*WHAT YOU SHOULD DO*
With the images excluded, set down every line of the listing below exactly.

*RECORDED INFORMATION*
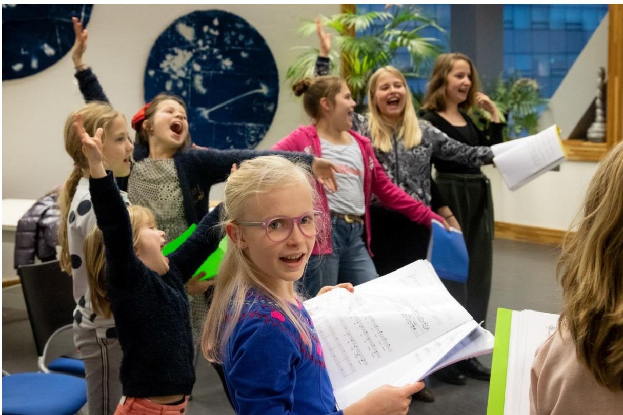
Holland Opera – Muziek Express

De directeur van de stichting bekleedt sinds begin 2018 het voorzitterschap van het LFO en is één van de twee contactpersonen voor de fondsen in het kader van het convenant tussen vermogensfondsen en de Gemeente Amsterdam (2014-2019). De directeur neemt deel aan een collegiaal intervisie-programma met een zestal andere fondsdirecteuren.
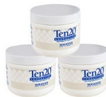
Elektrodenpaste Ten20 3 Dosen je 114 g

*SOLUTION*
Holland Opera – Muziek Express

De directeur van de stichting bekleedt sinds begin 2018 het voorzitterschap van het LFO en is één van de twee contactpersonen voor de fondsen in het kader van het convenant tussen vermogensfondsen en de Gemeente Amsterdam (2014-2019). De directeur neemt deel aan een collegiaal intervisie-programma met een zestal andere fondsdirecteuren.
Elektrodenpaste Ten20 3 Dosen je 114 g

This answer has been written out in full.